Bilim Akademisi Üyesi Prof. Dr. Naci Görür, “Minimum 7.3 sarsıntı geliyor, şakası yok” diye uyardı ve, “İstanbul üzere yapı stokunun yüzde 60’ının zafiyet içinde olduğu bir mahalde bunun sonuçları çok büyük olacak” sözlerini kullandı.
Cumhuriyet'ten İpek Özbey'in sorularını yanıtlayan Naci Görür, sarsıntı için gerekli tedbirlerin alınmadığını ve zelzele gerçeğinin farkına varılmadığını söyleyerek birtakım tenkitlerde bulundu.
Kanal İstanbul’un Marmara’ya açıldığı kıta sahanlığında canlı faylar olduğunu gördüklerini söyleyen Prof. Dr. Görür, büyük bir tsunami tehlikesinden bahsetti.
Uzun soluklu, disiplinli, ilmî sistemlerle devletin muayyen katma kıymetini bu işe verip, bir ekip yerleşim yerlerini sarsıntı inançlı hale dönüştürülmesi gerektiğini savunan Görür, şöyle devam etti:
“Çetrefil bir iştir. Kısa vakitte ne bütçeniz ne siyasi ömrünüz kâfi. Binaenaleyh siyasetçiler, bu türlü büyük bir işin içine girmek bölgesine dört yılını sekiz yıla çıkarmak için, cilalı bir ekip kolay işleri yaparak, meydanlardan nutuk atarak halkı bir atmosferin içine sokarak siyaset yapmayı yeğliyor.
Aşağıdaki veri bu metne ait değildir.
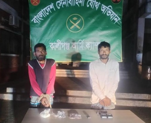 মঙ্গলবার ভোর রাতে সাতক্ষীরা কালিগঞ্জের কৃষ্ণনগর এলাকায় অভিযান চালিয়ে তাদেরকে গ্রেফতার করা হয়। গ্রেফতারকৃতরা হলেন, কৃষ্ণনগর গ্রামের মৃত মনসুর আলীর পুত্র মাহাবুবুর মোড়ল, একই এলাকার মৃত আলী বকস গাজীর পুত্র শহিদুল গাজী।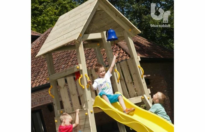Beklim snel deze originele speeltoren en geniet van weidse uitzichten. De hellende zijwanden en de geïntegreerde brede klimwand geven de Belvedere zijn bijzondere uiterlijk. Zowel de glijbaan als de ladder bevinden zich aan de voorzijde, wat van de Belvedere dé ideale speeltoren maakt voor kleinere tuinen.

Zira öbür türlü uzun soluklu bir iştir. Diyelim ki siz tüm Türkiye’de sarsıntı kuşaklarında yerleşim ortamlarını sarsıntı inançlı hale getirmeye çalışırsanız; çok disiplinli, belli başlı bütçelerle, aralıksız çalıştığınız vakit bile herhalde 20-30 yıldan evvel dönüştüremezsiniz…”
“Minimum 7.3 zelzele geliyor, şakası yok. İstanbul üzere yapı stokunun yüzde 60’ının zafiyet içinde olduğu bir noktada bunun sonuçları çok büyük olacak” diyen Görür, “Broşür dağıtmakla olmaz. Televizyonlarda en çok izlenen saatlerde kamu spotları yayımlanmalı örneğin” teklifinde bulundu.
KANAL İSTANBUL UYARISI: TAMAMINI TARUMAR EDER
“Bu kanalın güzergâhı mahsusen Çekmece Gölü’nün kuzeyinde Sazlıdere’den başlayıp, Marmara’nın kıta sahanlığına açıldığı yana kadar olan nahiye jeolojik olarak tam mealiyle anormal tehlikeli ve riskli yerler” diyen Görür, kelamlarının devamında şunları kaydetti:
“Deprem olmamasına karşın kaymalar, heyelanlar oluyor. O kesimdeki arazi stabil değil, şu anda bile kayıyor. Sarsıntıda haşat olur buralar.
İkincisi bu Kanal İstanbul’un Marmara’ya açıldığı kıta sahanlığında deniz araştırmalarında gördük. Bizden evvel de arkadaşlarımız yaptıkları araştırmalarda canlı faylar olduğunu gördüler. Bu fayların boyutlarını tam olarak araştıramadık ancak canlı oldukları kesin. Mümkün bir sarsıntıda bu faylar harekete geçmek suretiyle kanalın Küçükçekmece’ye kadar olan her tarafını tarumar eder. Bundan kaçış yok.
Heyelanlar, bu faylar tarafından çok tetiklenebilir. Kaldı ki büyük bir tsunami tehlikesi var. Tsunami bu kanala girdiği devir, o sırada kanalın içinde gemi falan varsa onu da sürükler götürür ve bir noktalarda taşıdığı gereçlerle kanalı tıkadığı an orada bir barajlanma olur. Bütün kanalın etrafını deniz basar. Bir daha da orayı kurtaramazsın. Kanal İstanbul’un yapılmaması gerekir.”